The continuous trading between Indian groups and the Europeans who settled in America led to the reintroduction of coral into the indigenous market. Now it was no longer a question of the occasional rosary beads imported by the Spaniards in the 17th century but rather a full-scale operation in which the Italian companies specialising in coral played a leading role. Throughout the period in which the Indians lived in contact with the Spaniards they had come to prize the red coral of the Mediterranean, valuing it as highly as other precious stones.
In his account entitled Three years among the Indians and Mexicans General Thomson James records that "on the day of the celebrations (5 February1822) in San Felipe, a small Indian town 50 miles south of Santa Fe... a great crowd of people ...were adorned with coral beads of a brilliant red color ...... red coral was worth a hundred dollars per avoirdupois pound". In 1858 we learn from a report by the Federal troops that a Zuni Indian killed a Navajo woman and took her necklace of red coral worth $200, together with other precious stones particularly prized by the Indians, such as "only the rich" could afford. From the middle of the 19th century an important group of European and American businessmen had grown up in the Southwest dealing in imported products such as coral. These dealers played a vital role in the development of the artistic style of the Indians. They sought out the best local talents, encouraging them and promoting the sales of their creations. For the Navajos in particular their artistic evolution was crucial in establishing a fruitful relationship with both the Anglo-American dealers and the other native groups.

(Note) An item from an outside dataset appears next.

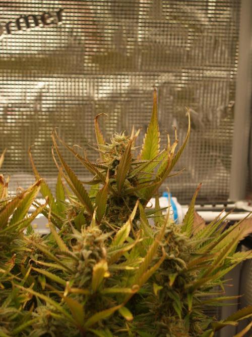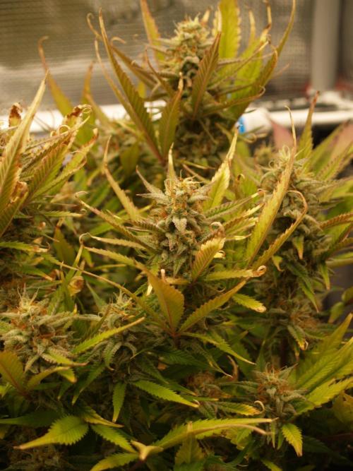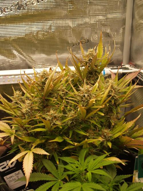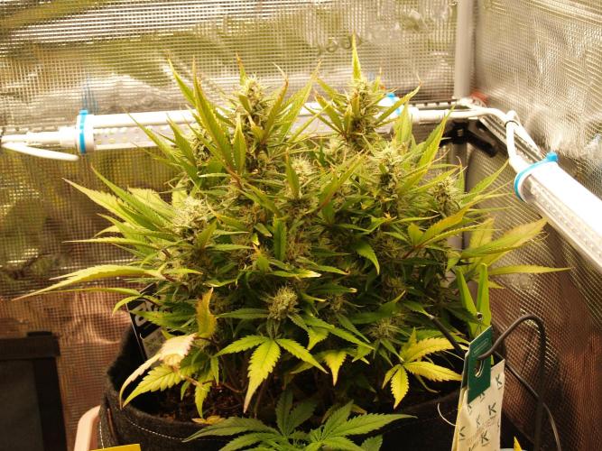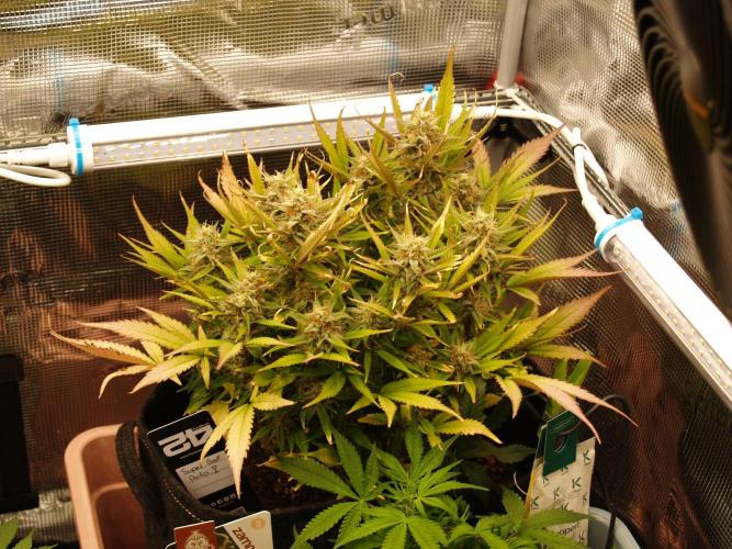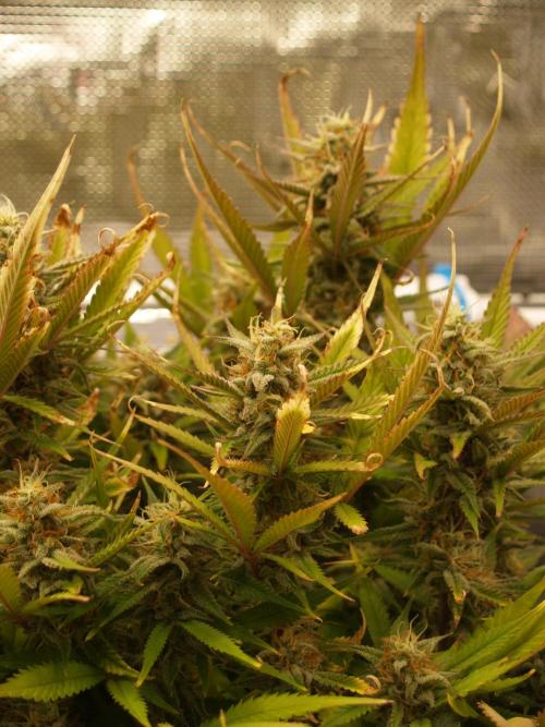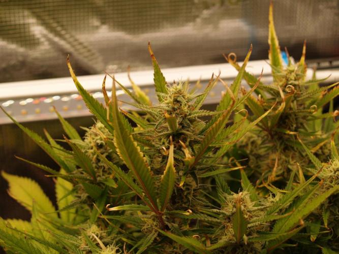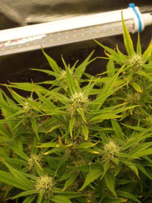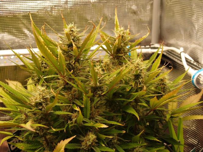 -Tag 54 es sieht so aus als hätte sie Stickstoff Mangel oder Hitze Stress wegen den Gelben Blätter und Hochstehende Blätter sind uns aber noch nicht ganz sicher. Wir haben den PH und EC Wert des Runoff kontrolliert und da scheint alles in Ordnung zu sein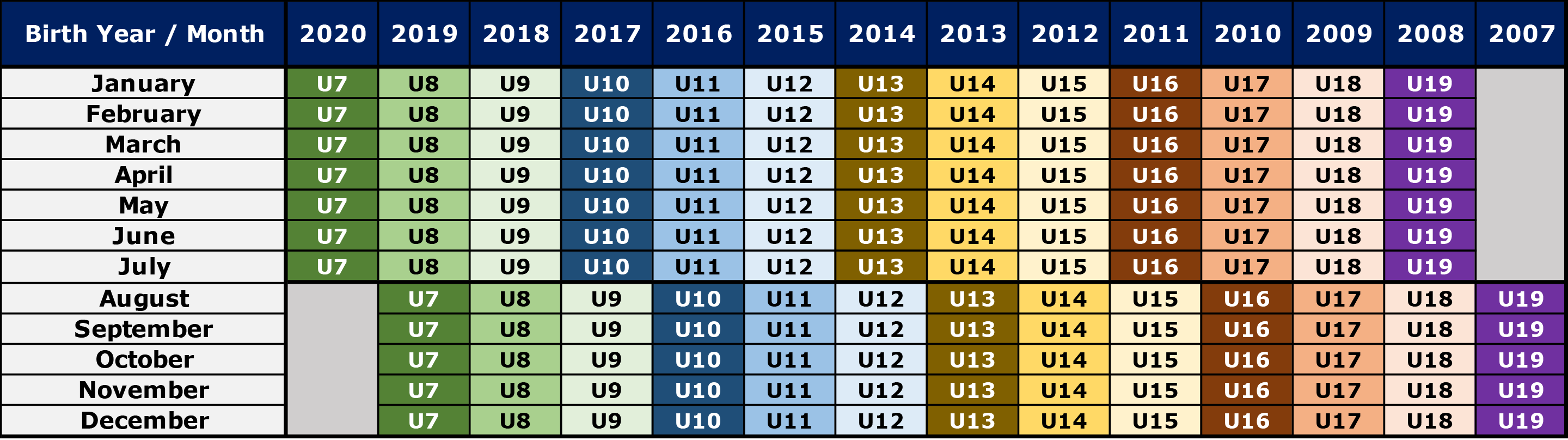 Simply put, in the 2025 season teams were formed by “Calendar Year”, so the players born in a calendar year (January 1st to December 31st) were in an age group. The 2026 season will introduce the new “Seasonal Year” age groupings. Seasonal Year age groups use August 1st to July 31st birthdays, like they do for your kids school. So the oldest kids in an age group will now be born August 1st, and not January 1st. The below chart helps to visualize how the “Seasonal Year” age groups work for the upcoming Spring 2026 season.

The company of S.A. Frost's Son, New York, founded in 1858 and importing products specifically for "Indian Traders", had close ties with the Genoese merchant Raffaele Costa in the closing decades of the 19th century. We find interesting annotations revealing the preferences of the Indians for certain specific types of coral in the correspondence now conserved in the archives of the renowned Torre firm of Basilio Liverino. The correspondence between Costa and American importers was acquired by the Cavalier Liverino as part of his purchase of the effects of the Genoese firm in the 1960s, an initiative which can be seen as part of the handing over of the tradition of coral working from Genoa to their counterparts in Torre del Greco. For example, a letter dated 22 April 1902 reads: hope you will send me dark red coral as I have repeatedly requested: that's what the Indians want. The pink shades are suitable for trade with the Whites, but the Indians only buy the dark type, so
l beg you not to send me any of the necklaces 996, 786, 1013, 1063, 938, 1006 in pink but all in intense rich red. Some thirteen years later, on 13 May 1913: "... l'm sorry, you have sent me the 2/8, 3 strands no. 3360. I don't think I’Il be able to sell them because they are too light in color for sale to the Indians and not the right shade for the Whites". In the Customs Regime for Coral in the United States for the year 1906, sent to Raffaele Costa by the Camera di Commercio ed Arti in Genoa at his specific request, we learn that prized coral imported into the USA was subject to import tax at the rate of 10% on the declared value. In those years there was a " resurgence in the use of jewelry" and "it is hoped it will prove possible to develop an industry for its manufacture in the United States". Furthermore, according to Federal statistics "the importing of crafted coral in the years 1904-1905 amounted to about 11,000 dollars, 4000 of which from Italy...and 3000 for raw coral". Frost was not the only dealer in the old West to stimulate the creativity of the natives by importing coral from ltaly. C.G. Wallace too fostered the development of this handicraft and had a considerable influence on the production of jewels. In 1927 he acquired his “trading post" in the Zuni village.
He championed the use of innovative techniques such as channel work and the use of coral in inlay works among the Zuni and Navajo craftsmen resident at Zuni, promoting collaboration between the two groups. It was Wallace who started to import coral directly from Italy for the Indians, without the mediation of Frost. During the Depression of 1930 Wallace created an economic holding for numerous artists and acquired a large number of the natives' products, transforming the creations of the Zunis from a regional into a national phenomenon. A letter dated 27 February 1937 sent by Wallace to the firm of Costa in Genoa confirms an order for four coral necklaces for a combined value of 48 dollars, specifying that he wants necklaces containing only large beads, "as large as the largest in the necklaces ordered". In further correspondence dated 13 January 1940 Wallace asked to know the prices for coral necklaces, which in his reply Costa quotes as 14 dollars each, a considerable sum for that period. Wallace’s efforts undoubtedly contributed to increase the number of craftsmen to about a thousand (jewellers, potters, and sculptors of fetishes) in a population of 9000 residents in Zuni. I Coral became an important resource in the economy of the Navajos and Zunis. In the 1940s it featured in exchanges for horses, cows, and sheep, and also as a pawn pledge, like silver and other precious materials, as well as in heirlooms. Chee Dodge, the first spokesperson of the Navajo Tribal Council, who died in 1947, owned one of the longest and most striking necklaces made up of coral beads of an intense red.